TASK DETAILS:
Copy nothing but the text: repeat each entry exactly and drop the images.

▽

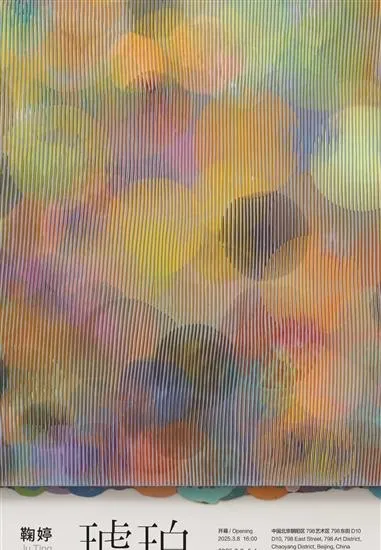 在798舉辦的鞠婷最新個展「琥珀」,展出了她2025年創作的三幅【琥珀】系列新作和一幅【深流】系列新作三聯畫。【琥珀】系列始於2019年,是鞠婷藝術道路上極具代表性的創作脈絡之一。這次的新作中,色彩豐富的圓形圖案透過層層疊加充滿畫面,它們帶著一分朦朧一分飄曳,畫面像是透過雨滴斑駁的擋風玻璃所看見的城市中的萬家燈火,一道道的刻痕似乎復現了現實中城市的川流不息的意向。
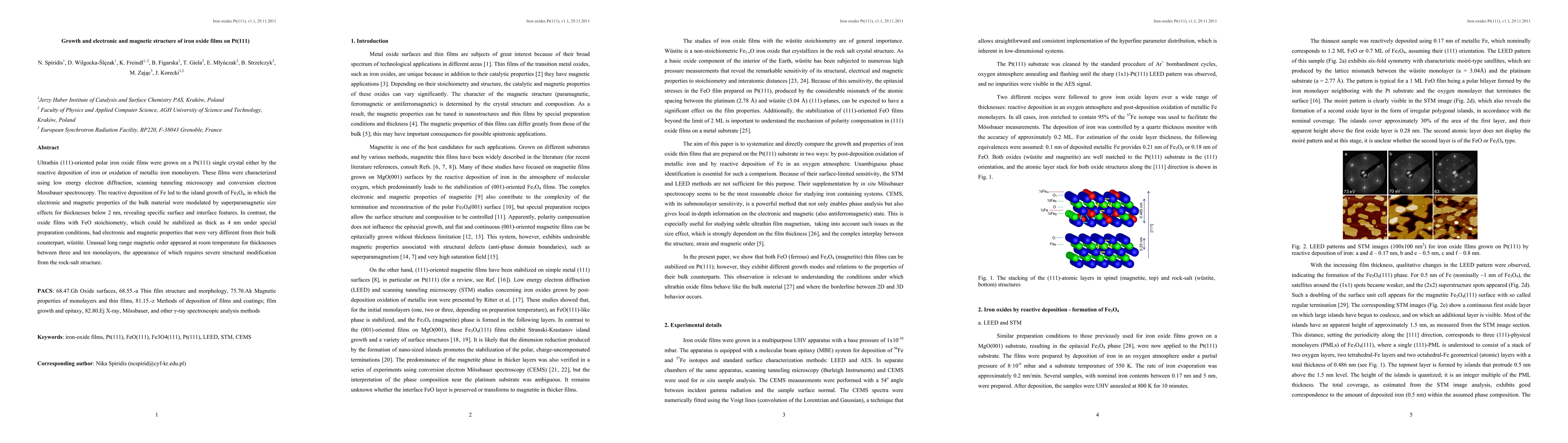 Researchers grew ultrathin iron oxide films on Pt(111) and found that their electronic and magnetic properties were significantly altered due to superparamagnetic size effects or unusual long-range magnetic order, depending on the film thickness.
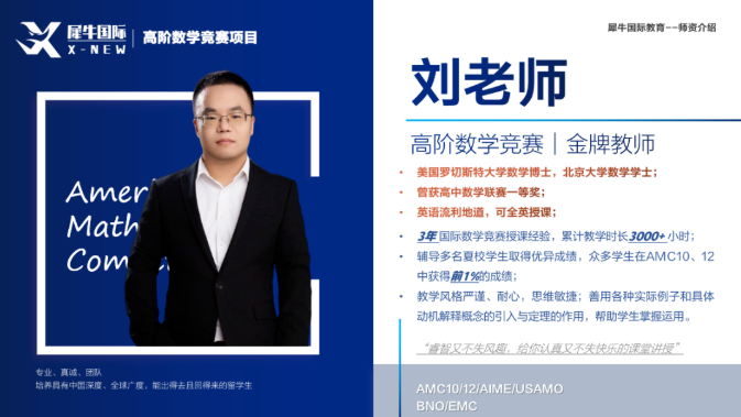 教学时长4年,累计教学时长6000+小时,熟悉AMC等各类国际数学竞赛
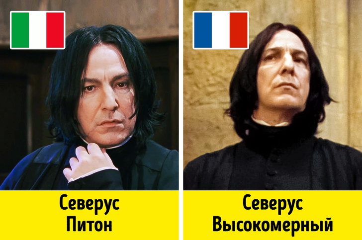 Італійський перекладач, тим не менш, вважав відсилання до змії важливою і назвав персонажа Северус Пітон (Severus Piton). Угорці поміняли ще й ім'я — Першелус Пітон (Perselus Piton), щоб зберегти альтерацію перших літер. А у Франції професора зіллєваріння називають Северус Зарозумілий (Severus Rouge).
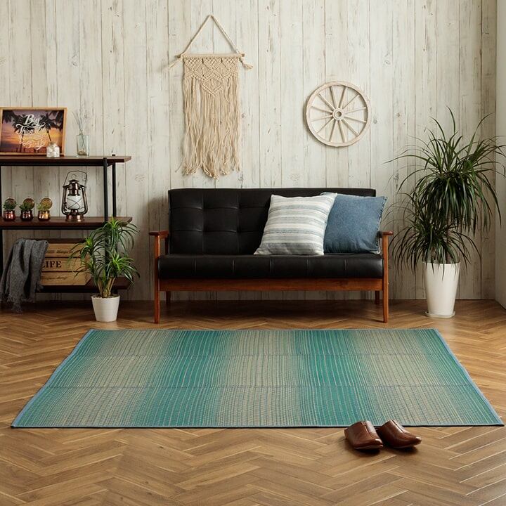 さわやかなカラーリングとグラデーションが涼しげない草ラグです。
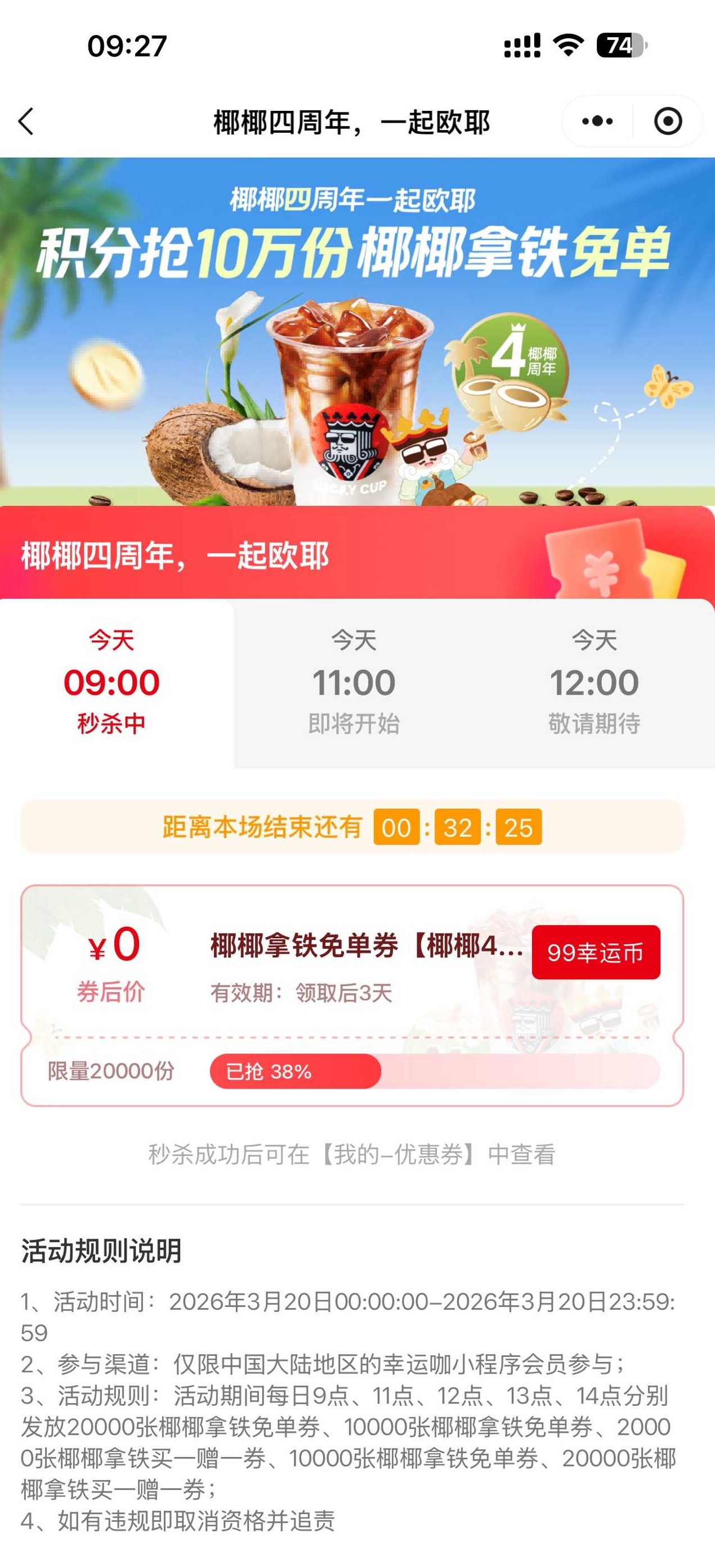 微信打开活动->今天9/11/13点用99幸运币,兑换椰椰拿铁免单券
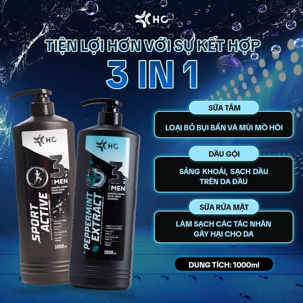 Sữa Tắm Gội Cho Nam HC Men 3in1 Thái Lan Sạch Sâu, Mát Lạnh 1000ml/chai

△

COMPLETED TASK:
 在798舉辦的鞠婷最新個展「琥珀」,展出了她2025年創作的三幅【琥珀】系列新作和一幅【深流】系列新作三聯畫。【琥珀】系列始於2019年,是鞠婷藝術道路上極具代表性的創作脈絡之一。這次的新作中,色彩豐富的圓形圖案透過層層疊加充滿畫面,它們帶著一分朦朧一分飄曳,畫面像是透過雨滴斑駁的擋風玻璃所看見的城市中的萬家燈火,一道道的刻痕似乎復現了現實中城市的川流不息的意向。
 Researchers grew ultrathin iron oxide films on Pt(111) and found that their electronic and magnetic properties were significantly altered due to superparamagnetic size effects or unusual long-range magnetic order, depending on the film thickness.
 教学时长4年,累计教学时长6000+小时,熟悉AMC等各类国际数学竞赛
 Італійський перекладач, тим не менш, вважав відсилання до змії важливою і назвав персонажа Северус Пітон (Severus Piton). Угорці поміняли ще й ім'я — Першелус Пітон (Perselus Piton), щоб зберегти альтерацію перших літер. А у Франції професора зіллєваріння називають Северус Зарозумілий (Severus Rouge).
 さわやかなカラーリングとグラデーションが涼しげない草ラグです。
 微信打开活动->今天9/11/13点用99幸运币,兑换椰椰拿铁免单券
 Sữa Tắm Gội Cho Nam HC Men 3in1 Thái Lan Sạch Sâu, Mát Lạnh 1000ml/chai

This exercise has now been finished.